GTC Biotherapeutics, Inc. announced that it is restructuring its organization to support its focus on clinical development and commercialization of its internal pipeline of proprietary products and its portfolio of external programs. GTC's internal pipeline of products includes ATryn, recombinant human serum albumin, and the MSP-1 malaria vaccine.
Under the restructuring plan, GTC is reducing its headcount approximately 20 per cent from 159 to 127 full time equivalent employees. With the restructuring, GTC plans to use approximately $20 million of cash in 2004 as it participates in the regulatory review of ATryn and further develops its other commercial programs. A restructuring charge of approximately $950,000 will be recorded in the first quarter of 2004.
"The restructuring that we are announcing today is designed to support our strategic position as a commercial products company and to support the regulatory review process for ATryn," stated Geoffrey Cox, GTC's chairman of the Board and chief executive officer. "In addition to conserving cash during the regulatory review process for ATryn, this restructuring provides us with the flexibility to consider the strategic option of adding a small sales force in Europe for commercialization in the hereditary antithrombin deficiency indication."

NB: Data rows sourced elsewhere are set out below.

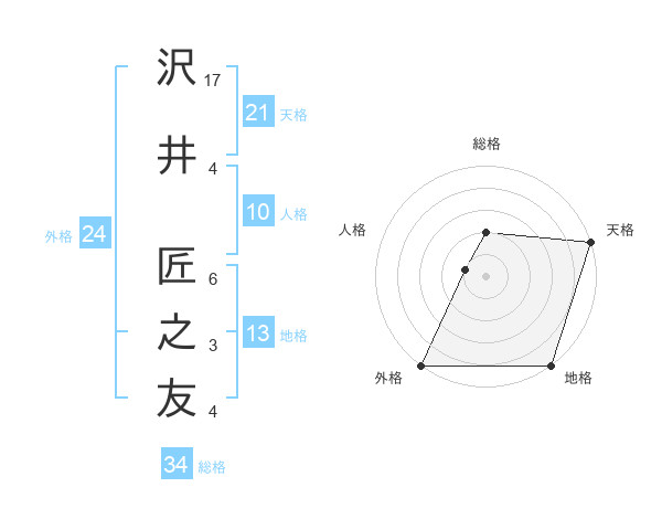 沢井 匠之友さんを姓名の画数から五運を鑑定
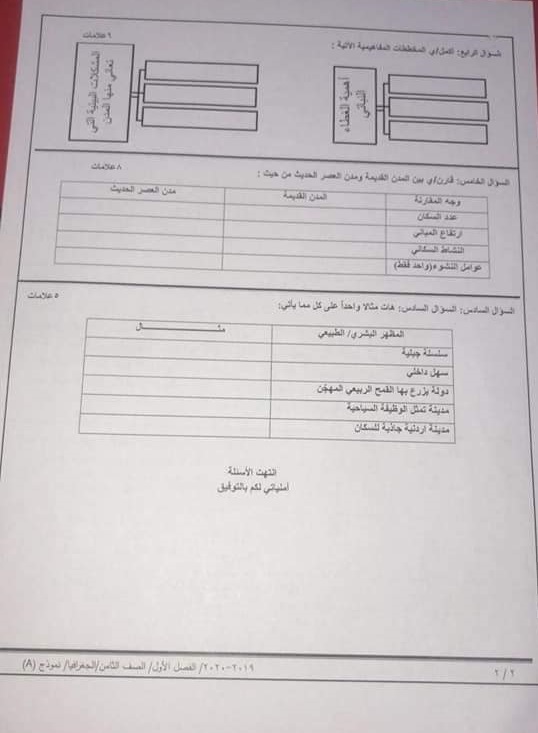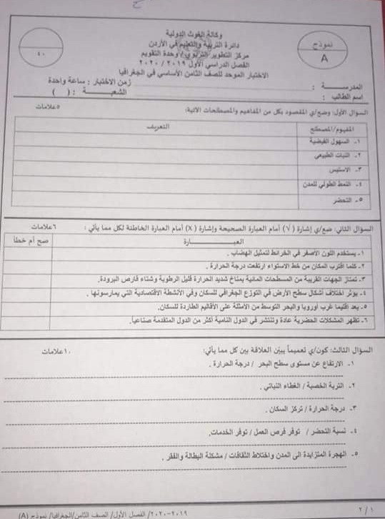 صور امتحان نهائي لمادة الجغرافيا للصف الثامن الفصل الاول 2019 نموذج A وكالة صور اختبار نهائي لمادة الجغرافيا للصف الثامن الفصل الاول 2019 نموذج A وكالة
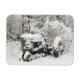 Foto eines schneebedeckten Traktors neben dem Wald.
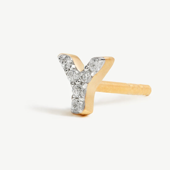 Spell it out. This initial stud earring has been elevated with zircon pavé detailing on a white rhodium finish to personalise your ear stack. Style your initial solo, or stack multiple letters together to create a unique word or message.
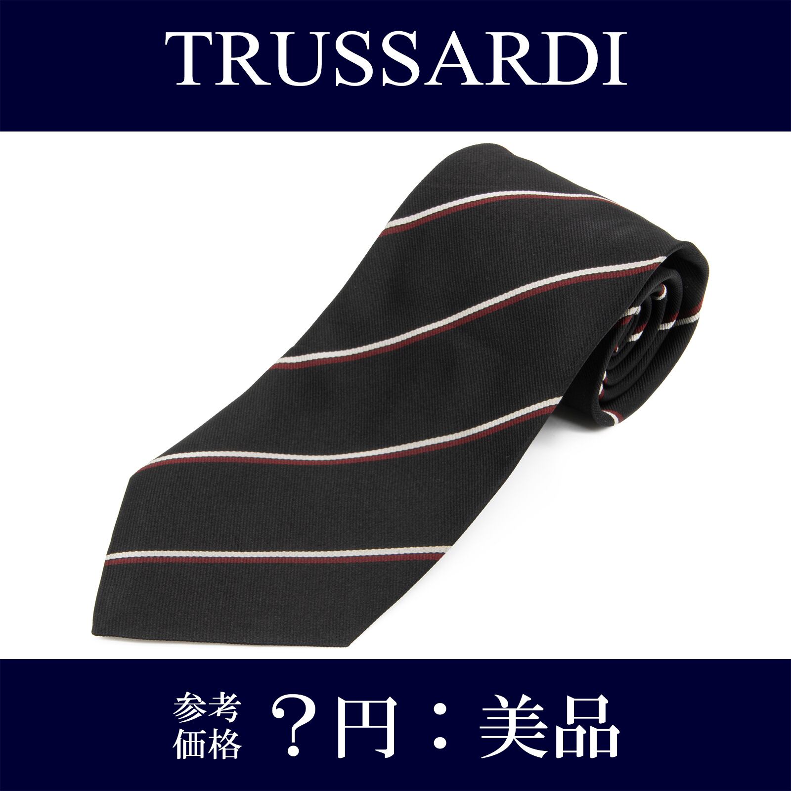 送料無料 トラサルディ ネクタイ ジャガード シルク 黒 白 赤 ビジネス フォーマル ストライプ シンプル ブランド イタリア製 綺麗 P185

GTC recently submitted a Market Authorization Application (MAA) to the European Medicines Evaluation Agency (EMEA) for ATryn, its recombinant human antithrombin product. Acceptance and review of the submission is pending.

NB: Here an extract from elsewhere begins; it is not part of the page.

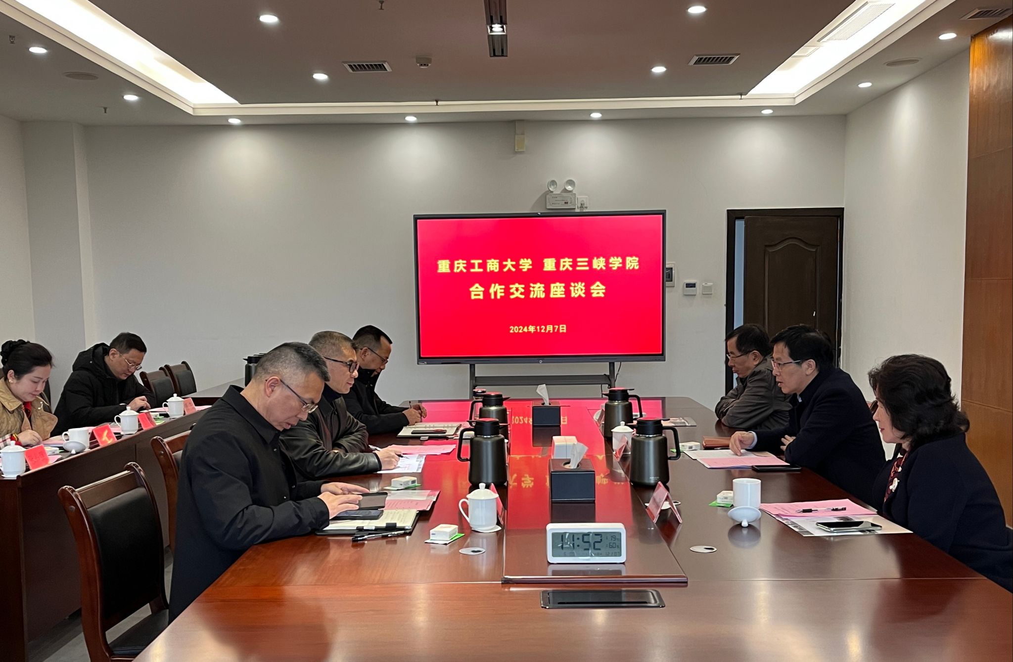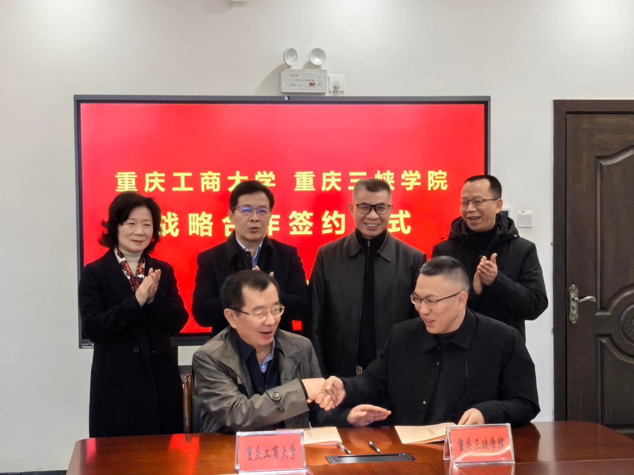 近日,学校党委书记曾维伦,党委副书记宋豫,党委常委、副校长赵骅带领党政办公室、国内合作发展处(校友工作办公室)等部门的负责同志赴重庆三峡学院商洽交流合作事宜并签订两校战略合作协议。重庆三峡学院党委副书记、校长李敬,党委常委、副校长郭作飞、王良伟出席会议,该校党政办公室、教务处、科研处等相关部门的负责同志参会。会议由郭作飞主持。
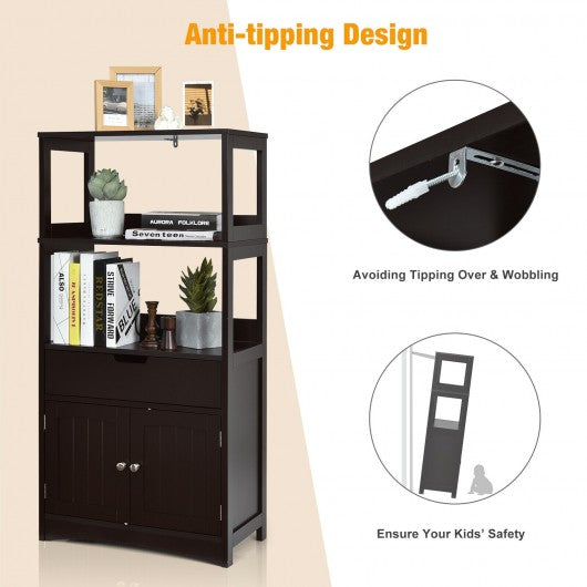 Bathroom Storage Cabinet with Drawer and Shelf Floor Cabinet-Espresso

GTC has entered into about a dozen programmes in its external portfolio for development of transgenic production of a partner's therapeutic protein. Ten of these programmes have already successfully reached founder status where the first animals capable of supporting expansion to clinical production have been generated. Four of the ten programmes with founders are considered successfully completed with no additional development work anticipated. The MM-093 programme with Merrimack Pharmaceuticals, Inc. has completed phase I clinical studies using material produced and purified by GTC. Additional clinical studies in this programme are anticipated in 2004. In addition, the undisclosed programme with Centocor has begun expansion to provide a supply of product for preclinical evaluation.